I hate to rain on the parade, but there’s something that’s been bothering me about the march in Paris over the weekend. Of course I’m all for anti-terrorism and freedom of speech, and I liked seeing people of different faiths, or no faith at all, marching together for a common cause. I also liked seeing world leaders marching together singing cumbaya. And though I thought it was an odd collage of leaders touting their support for freedom of speech—here’s looking at you Saudi Arabia—I thought that the U.S. should have had a representative there and was puzzled that we didn’t. But with all the mixture of elation and outrage and faux controversies playing out on the world’s television screens—or to be fair to the rest of the world, probably just U.S. television screens—the world seems to be forgetting that roughly around the same time the attack happened in France, two thousand villagers in Nigeria were slaughtered by Boko Haram, and nobody seems to give a shit.
Perhaps at this point I should say pardon my language, but I’m not going to do that. I think the real pardon belongs to all of us, and the world system that once again has told black people that their lives don’t matter. While I mourn the little over a dozen French people that died last week, I also mourn that world leaders are expected to march hand in hand when a dozen Europeans are slaughtered and not when thousands of Africans are slaughtered. The world’s media and governmental structures have sent the message loud and clear. Africa can go to hell.

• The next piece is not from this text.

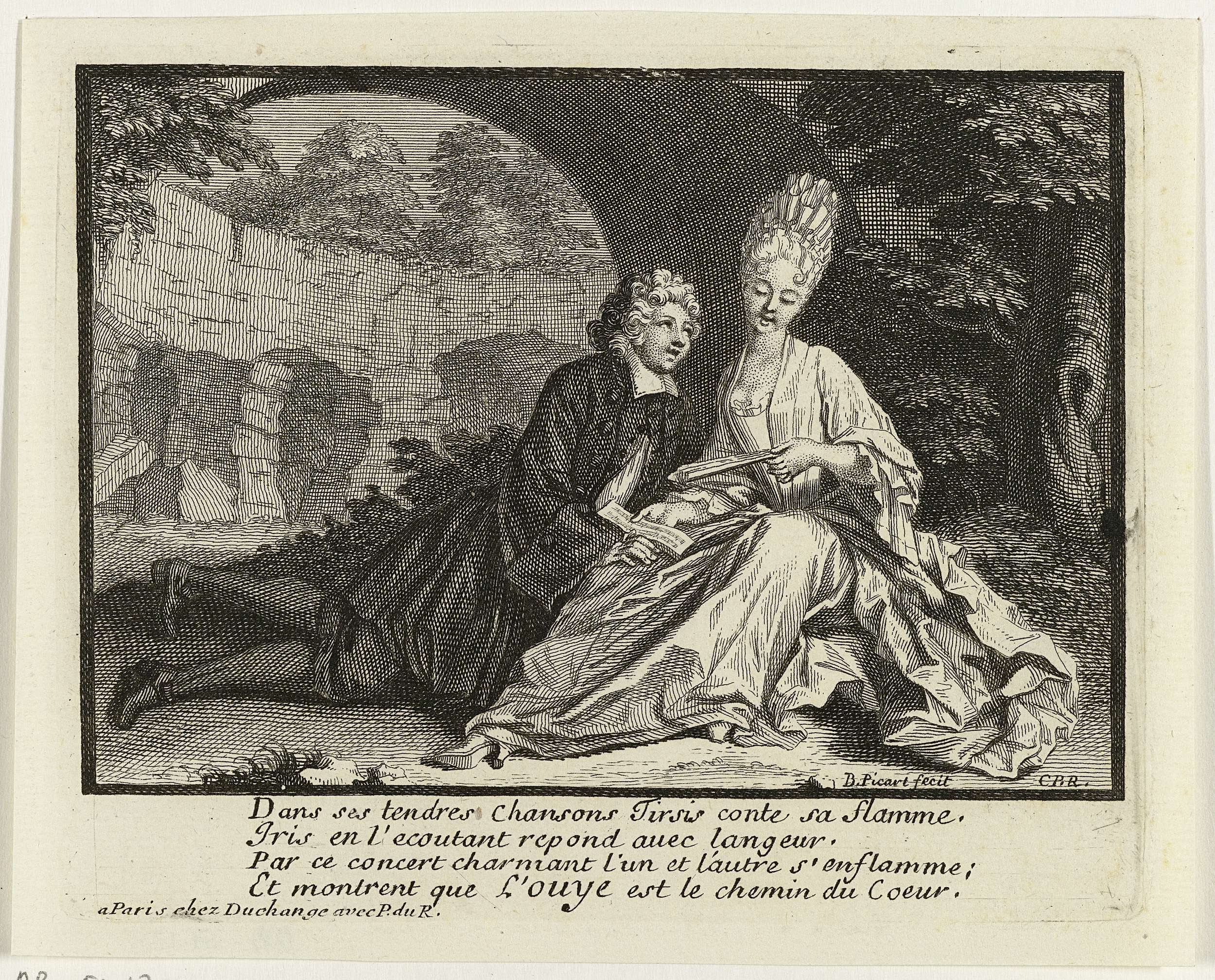 Landschap met een elegant gekleed paar dat bij een ruïne zit en zingt. De vrouw houdt een opengeslagen liedboek en een waaier in de handen. In de marge een vierregelig gedicht in het Frans.

When I was a missionary in Senegal, I worked with a Nigerian pastor who once said to me, “Africa pays the bills of the rest of the world.” And it’s true. Global trade policies are rigged in spades against Africa. We can thank the World Trade Organization for that, and the wealthy nations the organization serves, but we can also thank all of us in the West who benefit from the system, and, thus, refuse to speak out.
About a million children die in Africa every year because of treatable diseases and a lack of clean water. It’s a moral bloodbath, and yet we’re not outraged. The longest running war with the most civilian casualties has taken place in Congo, and yet we’re not outraged. Two hundred girls were kidnapped by Boko Haram—two hundred girls—and yet nobody expects world leaders to march for them. There’s something wrong with a global system that values life more in some places and less in other places.

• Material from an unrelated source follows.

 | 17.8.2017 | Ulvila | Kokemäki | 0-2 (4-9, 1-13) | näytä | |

The Apostle Paul writes in Ephesians 6:12, “For we wrestle not against flesh and blood, but against principalities, against powers, against the rulers of the darkness of this age.” While it’s true that Paul is referring to demonic powers that rule over nations, he’s also talking about worldly structures that fail to reflect the reign of God that Jesus proclaimed.
The world has an Africa problem. More specifically: the world system has an Africa problem. The structures that make up the world system are stacked against African lives. I would add the African diaspora to that as well, because given the enormous disparity of world concern between European and African lives on display recently, I think I understand a little more what the recent protests in New York City and Ferguson were about. Black people are tired of their lives not mattering. They’re tired of everyone else not giving a damn when their people are gunned down.
It’s time the rest of us start giving a damn.
1 comment:
I do give a damn and the devil is just mean and whoever is the least among us gets the worst that booger can dish out. Jesus cares most about the least among us and therefore what are we supposed to do??? Ditto, Aaron.